Contexte, objectifs et défis

Le Code minier du 11 juillet 2002 a été révisé le 9 mars 2018. Une controverse s’en est suivie entre les sociétés minières et l’État. Dans les semaines précédant la signature de cette loi, les dirigeants de ces sociétés ont fait connaître, davantage que leurs craintes et appréhensions, leur indignation et désapprobation. Ils ont indiqué que la loi est déséquilibrée en leur défaveur, voire inique.

Malgré tout, la loi a été promulguée. Mais, soucieux de détendre le climat, le ministre des mines a convoqué un atelier pour élaborer les modalités d’application de la loi.

L’ICREDES a organisé une conférence avec un expert, Me Mukendi Mukendi Ntantamika, du barreau de Kinshasa-Gombe. Ce fut le mercredi 11 avril 2018. Thème de la conférence : “LA RÉVISION DU CODE MINIER – CONTEXTE, OBJECTIFS ET DÉFIS”.

CONTEXTE HISTORIQUE ET ACTUEL

  1. LE PASSÉ RÉCENT

Le 11 juillet 2002, un Code minier extrêmement libéral est promulgué, en remplacement de l’Ordonnance-loi n° 81-013 du 2 avril 1981. Ceci intervient’ dans un contexte historique particulier. L’État congolais est politiquement affaibli et économiquement menacé de banqueroute. « Pour relancer les secteurs porteurs de croissance », plusieurs codes du pays sont révisés au pas de charge : Code du travail, Code des hydrocarbures, Code forestier, Code foncier, Code des investissements, Code minier…

Tous ces codes sont des lois élaborées et adoptées par un parlement nommé, promulguées par un chef d’État “de consensus” et, enfin, mises en application par un gouvernement de compromis. Soucieux d’attirer les investisseurs, le Code minier fait une part belle aux intérêts de ceux-ci : rentabilité élevée, stabilité financière et sécurité juridique. Les intérêts économiques, fiscaux, financiers, sociaux et environnementaux du pays sont à l’arrière-plan.

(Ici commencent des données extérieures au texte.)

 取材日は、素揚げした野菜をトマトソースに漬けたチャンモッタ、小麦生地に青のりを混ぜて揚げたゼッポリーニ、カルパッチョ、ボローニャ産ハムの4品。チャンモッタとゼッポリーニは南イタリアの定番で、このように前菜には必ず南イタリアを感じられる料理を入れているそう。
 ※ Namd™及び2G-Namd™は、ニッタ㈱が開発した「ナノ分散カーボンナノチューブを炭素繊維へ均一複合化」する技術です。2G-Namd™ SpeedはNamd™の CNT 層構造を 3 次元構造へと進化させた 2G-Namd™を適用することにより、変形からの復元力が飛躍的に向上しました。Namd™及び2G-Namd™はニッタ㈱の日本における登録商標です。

  1. LA CONTROVERSE ACTUELLE

Les cours mondiaux des principaux minerais congolais d’exportation (cuivre et cobalt en têt) ont amorcé une remontée remarquable surtout depuis le second semestre de 2017. La tonne de cuivre, par exemple, passe de 45 $US à 12 $US. Bien plus, les facteurs à la base de cette évolution semblent structurels et à long terme : l’irruption de l’automobile électrique et la perspective de sa généralisation, associées à l’explosion des télécommunications, de l’informatique et de la micro-électronique, semblent résolument s’inscrire dans une tendance lourde.

L’État congolais croit à une longue ère de prospérité qui pointe. La classe dirigeante se remet à rêver à la rente minière comme à une aubaine pour financer la reprise en main du pays et la consommation publique, tant le budget de l’État congolais reste minable. Ils sont d’autant plus déterminés à profiter de cette manne qu’ils se souviennent d’avoir signé à tour de bras des conventions minières léonines entre 2002 et 2012.

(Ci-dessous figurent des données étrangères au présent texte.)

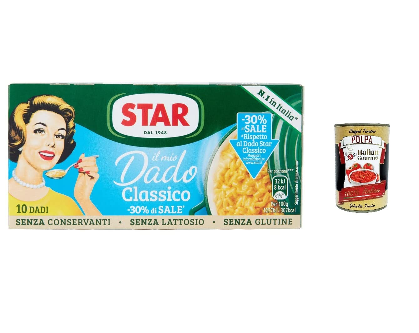 Italian Gourmet E.R. Star Il Mio Dado Classico Broth Cubes with 30% Less Salt Vegetables and Extra Virgin Olive Oil 10 Broth Cubes 100 g Preservative Lactose Free and Gluten Free + Italian Gourmet Polpa 400g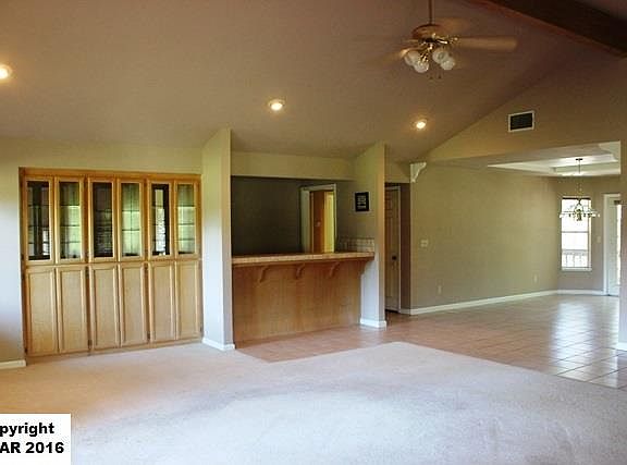 Extra Large Garage apx. 2000 sq. ft. You could park 5 cars in it, or it could be a fantastic shop. the driveway is large enough to accommodate all the cars and a few more. Views of the golf course an the deck wraps around 3 sides of the house with a large portion covered. The master suite has a jacuzzi tub and separate shower, spacious counter tops and duel sinks. The great room is just that a great room with a airtight wood burning fireplace with a fan, and a wet bar.

Mais les sociétés minières se font discrètes et peu bavardes. Elles ne sont pas dans l’euphorie. Elles suivent de fort près l’évolution du projet de loi minière au parlement.

“Aux critiques émises au dernier Forum d’Indaba mining 2016 par les opérateurs miniers sur la révision [en RDC] du code minier dont on attendait alors la promulgation, écrit Me Mukendi, le ministre [congolais] de mines avait lancé une pique : « la révision du code minier est un feu de brousse, ceux qui n’ont pas de racines solides seront emportés et la brousse va redevenir verte ». − La brutalité de cette déclaration, enchaîne Me Mukendi, est caractéristique du contexte socio-politique tendu dans lequel a été adoptée et promulguée la loi du 09 mars 2018 modifiant et complétant le code minier.”

La rentabilité des sociétés minières semble n’avoir été entourée d’un souci particulier. Deux explications éclairent une telle attitude : 1° la loi vise à ne pas abandonner à la seule jouissance des entreprises minières le surplus des rentes ; 2° il y a comme une opinion confusément partagée dans le pays selon laquelle les sociétés minières guère contrôlées par l’État ont plusieurs tours dans leurs manches, surtout pour se garantir une forte rentabilité par une conjoncture extérieure des plus favorables ; 3° l’intérêt du Congo aux yeux des investisseurs ne peut fléchir dans la longue perspective qui se dessine avec une demande mondiale soutenue des produits du sous-sol.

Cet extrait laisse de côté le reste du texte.